I actually teach my children to look at me not just as their parent, but a person with flaws that can make mistakes. I want them to love and trust me, but to always question the things I say and do. I have taught them ways to call me out when I'm getting too upset from their perspective and it's actually worked. They've both told me when they think I'm yelling too much or being too harsh. I'm not perfect, but the world can be monstrous and in a way, I'm glad I can help them learn about how to deal with these situations. They help me become a better person as well. We haven't resorted to a spanking for over a year now and I think we're better for it, but I haven't completely given up on it because I think it can be a useful tool in the right situation. My children are both very healthy and happy and are often praised for how measured and understanding they are. Like, it's embarrassing how much praise they get, especially when I feel like I'm screwing up all the time. Maybe I'm harming them down the road, but I don't know. I can't shake the feeling that some future anxiety might be worth them being better prepared for a harsh world. There is always someone bigger and stronger who can put you down and nothing will ever change that.

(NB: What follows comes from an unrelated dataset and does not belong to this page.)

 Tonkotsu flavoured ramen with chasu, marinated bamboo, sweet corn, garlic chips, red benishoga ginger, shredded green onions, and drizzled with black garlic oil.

I appreciate your honesty, and I appreciate our ability to have good back and forth. I like that you are open about how you feel about it, but at one point you call it a shortcoming. You say you want to be better than to do it, but then you mix in these ways of saying it's a way to show your children what violence is. No one needs to be shown what violence is to grasp it. And you say it is a useful tool. I think that's justifying a cultural stance on something. Over 50 countries have banned the practice. In those countries, you can't argue that it's a useful tool. And the trend is only pointing up. No one is withdrawing it being illegal. No one goes "wait, we need to hit our children, never mind that law". Research keeps showing it isn't a good tool, and every single person on the field discourages ever using it. In the context of your post, where you go to personal levels to show we're all people, and we're all gonna err with our children in some ways (we all will), then it's strange to at the same time argue that "but it does have it's uses". I have to challenge you on saying that that just feels like justification.
 

Laiza

Member
well, joke's on you -- I've absolutely hit my pets. In fact I don't know too many people with pets who didn't at some point...? Not sure where this "unanimous" is coming from.
thoughtful-oprah.gif


At this point you just sound like a violent person in general and absolutely everything you've said in this thread is just an ad-hoc way of justifying your violent tendencies after the fact.

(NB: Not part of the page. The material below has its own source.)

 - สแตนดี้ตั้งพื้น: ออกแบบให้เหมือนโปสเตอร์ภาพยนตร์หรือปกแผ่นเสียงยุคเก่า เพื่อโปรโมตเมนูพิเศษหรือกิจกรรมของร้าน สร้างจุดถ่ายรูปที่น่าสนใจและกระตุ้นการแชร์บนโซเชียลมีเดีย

I think you would benefit from a long, solid round of introspection.
 

TechnicPuppet

Nothing! I said nothing!
I just want to say that this doesn't sound measured at all and looks a lot like the words a bully would use. Just remember that foster care is often an extremely traumatizing experience for children and the entire institution is filled with abuse and neglect (I work in social services for teens).

I have literally no idea what this has to do with what I wrote. Unless you think calling the authorities when someone is breaking the law by assaulting their kid is bullying?